Concrete structures are inevitably subjected to fire and high temperatures throughout their lifespan. These conditions can lead to detrimental changes in the properties of concrete and even result in structural failure. Therefore, it is crucial to comprehend the factors that influence the performance of concrete during fires. This article aims to provide insights into the key factors that dictate how concrete behaves under fire conditions.

Inevitably, concrete structures are exposed to fire and high temperature during its life service which creates changes in concrete properties detrimentally and also sometimes causing failure. Therefore, it is considerably significant to understand factors that control concrete performance during fires. This article would shed light on the factors that govern the performance of concrete during fire.Factors Affecting Performance of Concrete During Fire

Fig.1: Concrete Element Exposed to Fire

Factors Affecting Performance of Concrete during Fire

The performance of concrete during a fire is influenced by several factors. One crucial factor is the water-to-binding material ratio, which affects the overall density and strength of the concrete. A lower water-to-binding material ratio typically results in a denser and stronger concrete, which can better withstand the effects of fire.

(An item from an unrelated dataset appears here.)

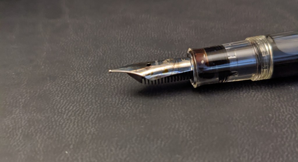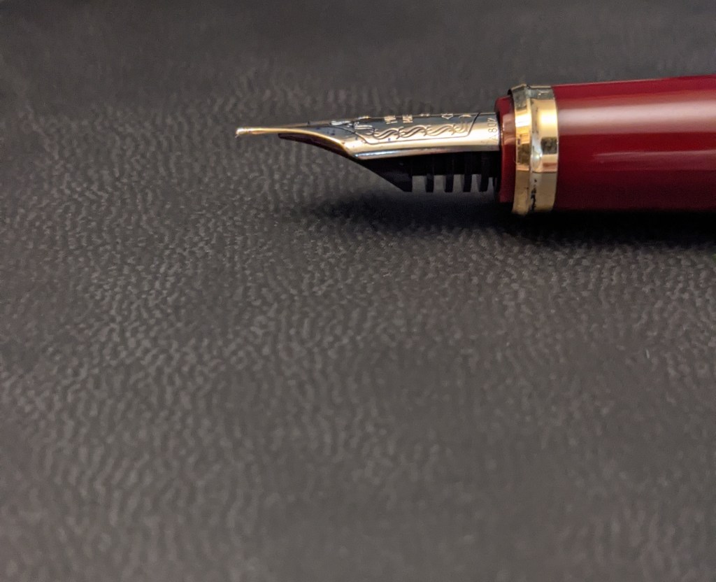 The photo above is a sample of both my girlfriend and I trying out some currently inked pens while reverse writing. Gold nibs ended up working well across the board, while steel nibs ended up being more finicky. The Pelikan m200 and MontBlanc Monte Rosa are both steel nibs that performed very well reversed. The m200 is normally quite broad for a fine nib, and with Noodler’s Golden Brown it’s extra wet. Reversed though, the nib is more akin to a Japanese fine. In the photo below I tried to get a close-up of the Pelikan nib. The tip is pretty ball shaped, with some raised tipping material on top. Theoretically, any nib with raised tipping material like that should work for reverse writing.

The moisture content of the concrete also plays a significant role. Excessive moisture can lead to steam generation and potential explosive spalling of the concrete when exposed to high temperatures. On the other hand, insufficient moisture content can cause rapid dehydration and cracking of the concrete during a fire.

The type of aggregate used in the concrete mixture is another factor that affects its fire performance. Aggregates with low thermal conductivity, such as lightweight aggregates, tend to provide better fire resistance compared to dense and highly conductive aggregates. The selection of the appropriate aggregate type is crucial for enhancing the fire resistance of the concrete.

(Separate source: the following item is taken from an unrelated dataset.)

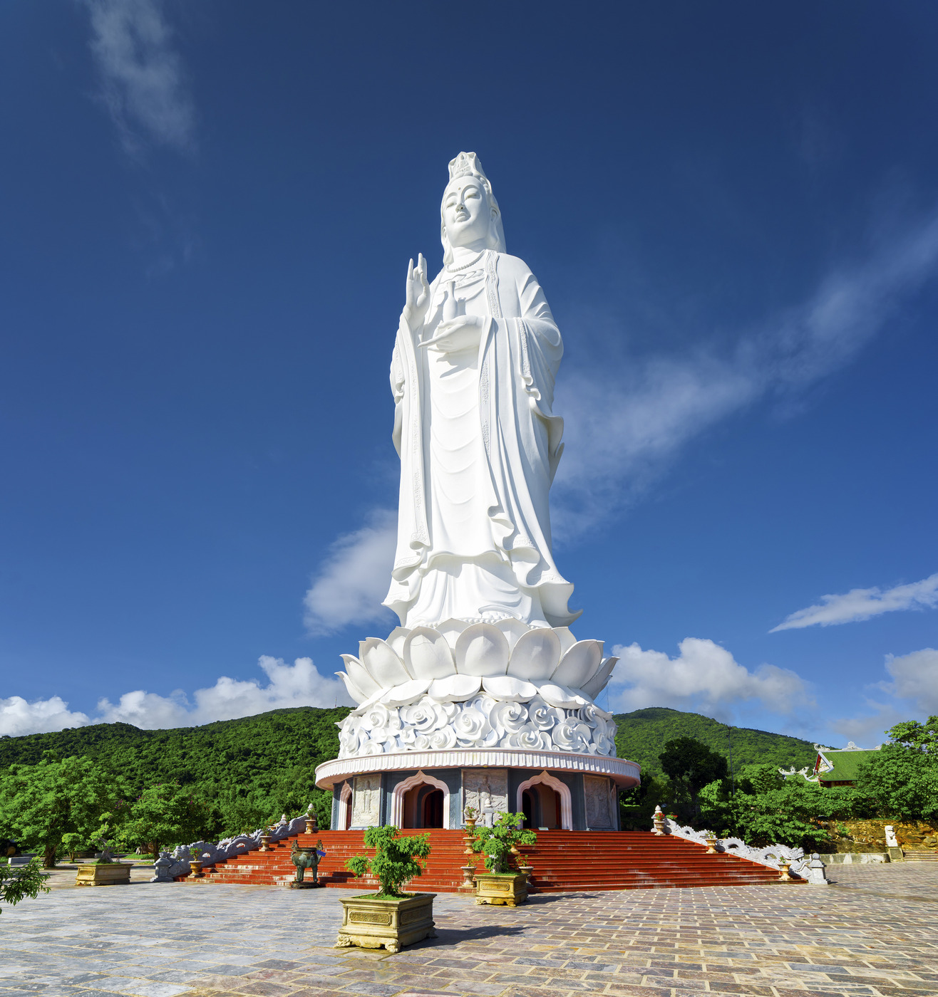 이번에는 남쪽 다낭으로 날아갔다. 푸른 논과 바다 사이로 펼쳐진 도시, 잠든 신처럼 솟아오른 신비로운 섬들. 린응사(Linh Ung Pagoda)로 가는 길에 멀리 언덕 위 하얀 수직선이 눈에 들어왔다. 진실의 손가락처럼 선명한 그 형상은 바로 관세음보살이었다. 그 성소로 향하는 우리에게 길조가 따랐다. 이곳은 과거 어부들이 선짜반도의 모래톱에 떠내려온 불상 하나를 발견하고 사당을 세운 곳으로, 그날 이후 바다는 잠잠해졌고 관세음보살은 어부와 뱃사람들의 수호신이 되었다.

The inclusion of supplementary cementitious materials (SCMs) in the concrete mix can also improve its fire performance. SCMs, such as fly ash, silica fume, or slag, can enhance the overall fire resistance and reduce the potential for spalling. These materials react with calcium hydroxide during the hydration process, resulting in the formation of additional hydration products that enhance the concrete’s fire resistance.

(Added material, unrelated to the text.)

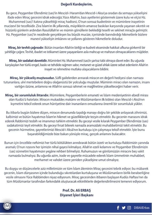 Diyanet İşleri Başkanı Prof. Dr. Ali Erbaş, İslam âleminin Miraç kandilini kutlayan ve Miraç hadisesinin Müslümanlar için önemine değinildiği bir mesaj yayınladı. Diyanet İşleri Başkanı Prof. Dr. Ali Erbaş mesajında "Bugün bizlere düşen bu gecenin hürmetine, gayretlerimizi Mescid-i Aksâ'nın kurtuluşu için çalışmaya teksif etmektir. İşte bunu başarabildiğimizde bize bakan yönüyle miraç, gerçek anlamını bulacaktır" ifadelerini kullandı. Miracın bir sorumluluk ihtarı olduğunu belirten Prof. Dr. Erbaş, "Miraç, bir sorumluluk ihtarıdır. Müminlere, Peygamberlerin emaneti ve İslam medeniyetinin ebedî mirası olan Kudüs'ü hatırlatır. Miracın mukaddes makâmı ve Müslümanların ilk kıblesi olan Mescid-i Aksâ'nın kıymetini tebcil ederek onun hürriyetine dair inananların omuzlarına önemli bir sorumluluk yükler" dedi. İşte Diyanet İşleri Başkanı Prof. Dr. Ali Erbaş'ın Miraç Kandili mesajı:

Lastly, the addition of fibers to the concrete mix can enhance its resistance to fire. Fibers, such as polypropylene or steel fibers, reinforce the concrete matrix and help to control cracking and spalling under high temperatures. The presence of fibers improves the overall durability and fire resistance of the concrete.

In summary, the performance of concrete during a fire is influenced by factors such as the water-to-binding material ratio, moisture content, type of aggregate used, supplementary cementitious materials, and the inclusion of fibers. These factors, when appropriately considered and optimized, can contribute to the improved fire resistance of concrete structures.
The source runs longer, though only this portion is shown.